Monday, February 13, 2012

Ruminating of Data Virtualization

The industry is flooded with confusing terms when it comes to understanding 'Data Virtualization'. We have IaaS (Information as a service), Data Services, EII (Enterprise Information Integration), Data Federation, etc. and so on! The point is that there are no industry standard definitions for these analyst-coined terms and there is a lot of overlap between them.

Rick Lans tries to clear the cloud with some simple definitions here. Another interesting post by Barry Devlin throws more light on the concept of data virtualization.

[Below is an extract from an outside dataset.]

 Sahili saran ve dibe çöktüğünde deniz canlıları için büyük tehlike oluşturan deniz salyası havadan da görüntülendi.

The core concept behind data virtualization is to create an abstraction layer (Data Access Layer) that hides the complexities of the underlying disparate data sources and provides a unified view of the enterprise data to the applications. This can be implemented using "SOA style" Data Services or creating a virtual data layer that can be queried using SQL-like semantics. More info can be found at these links: Link1 & Link2

RedHat has a nice whitepaper explaining the concept of Data Services in a SOA environment. This post explains the benefits of data virtualization. Composite Software is a leader in data virtualization techniques and has shared a couple of interesting case studies that demonstrate the use of their data virtualization platform.

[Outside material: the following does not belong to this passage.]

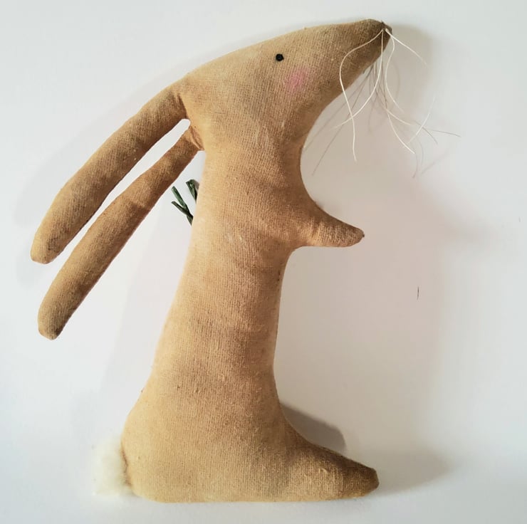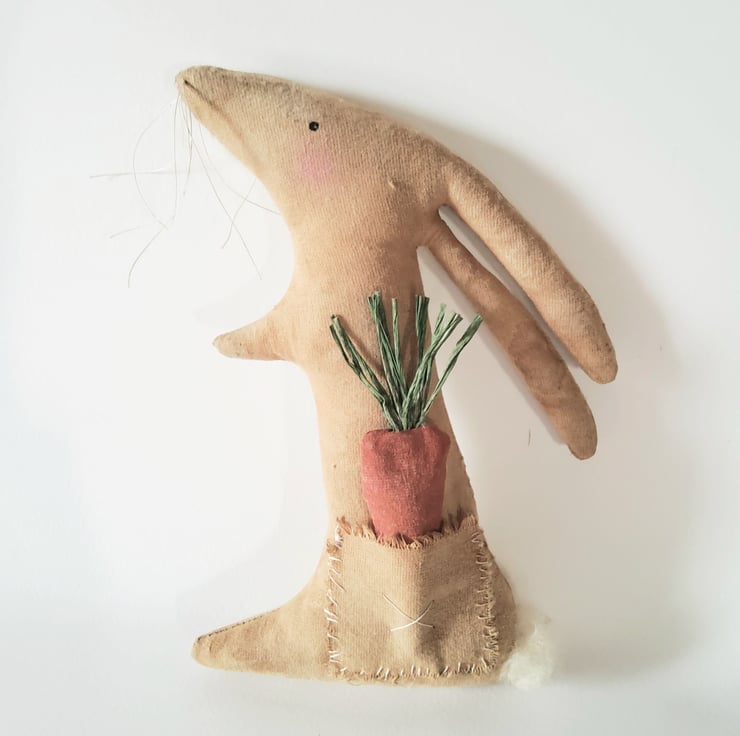 Rabbit is made from coffee and cinnamon dyed calico, sanded back for a vintage ,primitive look. The pocket holds a painted and dyed carrot and has been randomly stitched to Rabbit' s body. The cheeks are gently flushed ,the eyes are painted and the whiskers are vintage linen thread. Oops nearly forgot - the tail is wool.

One thought that came to my mind was regarding the challenges in accessing NoSQL data from the data virtualization layer. While some type of NoSQL datastores such as XML documents, Key/Value pairs can be exposed as a relational SQL view, it may not be possible to have a uniform query interface for unstructured data. All NoSQL data stores will expose some kind of Java API that can be used for querying. Would it be possible to create a common set of meta-data for both structured and unstructured data?
In such scenarios, IMHO, the only strategy for data virtualization is to use Data Services.